After months of continued harassment by Jones’ Infowars supporters — one of whom was sentenced to prison for sending death threats to one victim’s family — the mourning parents fired back with defamation lawsuits, and Jones quickly admitted that the shooting happened but blamed “anti-free speech Democrats” and the media for his predicament.

Jones has tried to slow his legal reckoning by failing to obey court orders to turn over documents; filing late settlement offers, which the victims’ families have rejected; and even citing a bogus medical problem as a reason for failing to show up in court.

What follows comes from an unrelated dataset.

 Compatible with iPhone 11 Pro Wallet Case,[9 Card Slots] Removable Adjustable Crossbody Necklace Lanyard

In September, Jones was found liable for defamation by a Travis County judge in lawsuits filed by two families of Sandy Hook victims. One month later, Jones lost again in a separate suit filed in Connecticut by eight other families of Sandy Hook victims.

However, Jones’ legal troubles don’t end there. He is also being investigated by the Justice Department for his role in the January 6 insurrection, an inquiry Jones contended could damage him more than the Sandy Hook defamation lawsuits.

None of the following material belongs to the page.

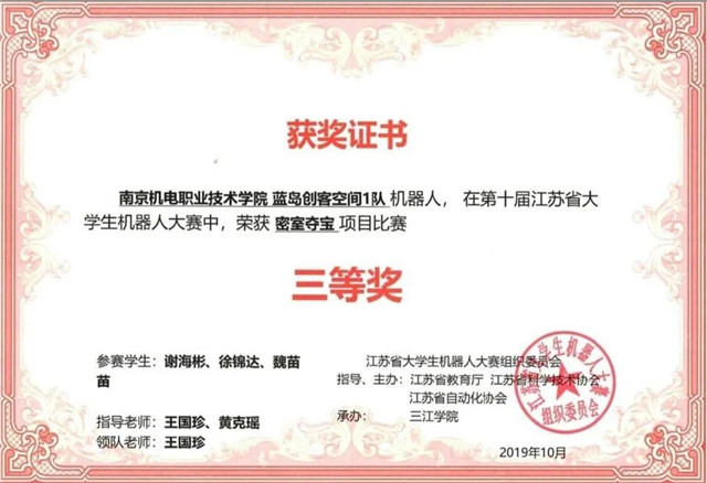 我深知仅仅是书本上的知识还远远不够, 从大一担任班级班长,到大二的学生会外联部部长兼班级班长兼任国旗护卫队队长,我一直身兼数职,体会着工作学习两不误的艰辛。学院组织及社团是我学习、锻炼能力及服务他人的第二课堂,是我开拓视野的新天地。在学生会中,我抓住一切机会给大家和自己提供更多的锻炼自身的能力,组织学生会成员积极参加学院的活动,为学院和系部增光添彩。作为社团的一员,除了把自己的专业学好之外,也要跟双创班里的同学一起合作完成项目、参加专业类知识技能竞赛并夺得奖项。我参加了江苏省大学生机器人大赛,为了能够更好地准备比赛,取得满意的成,大家分工合作,各自准备自己的模块。遇到难以解决的问题,我们会一起进行讨论。在我们的不懈努力下,最终夺得了江苏省大学生机器人大赛“密室夺宝”项目三等奖。

Jones has rolled over for the Justice Department, desperate to share all he knows about the January 6 insurrection in exchange for prosecutorial immunity.

On April 18, one week before juries were to make their decision on damages in the Sandy Hook defamation lawsuits, three companies affiliated with Jones, including Infowars, filed for bankruptcy.

The Justice Department’s bankruptcy monitor quickly objected because Jones, who generates and controls Infowars’ income, didn’t file for bankruptcy himself. The bankruptcy filing was for three Infowars offshoots that had no assets, employees, or income.

A restructuring office for Infowars, Mark Schwartz, justified the move by saying Jones would ruin “his good name” and harm his “ability to sell merchandise” if he filed for bankruptcy himself, the Times reported.

Jones wanted the bankruptcy court to approve a $10 million settlement fund for the victims’ families suing him. The families, all of whom want to see Jones in court, filed a motion to dismiss his bankruptcy motion.

A judge has scheduled a status conference on Jones’s bankruptcy motion for Friday.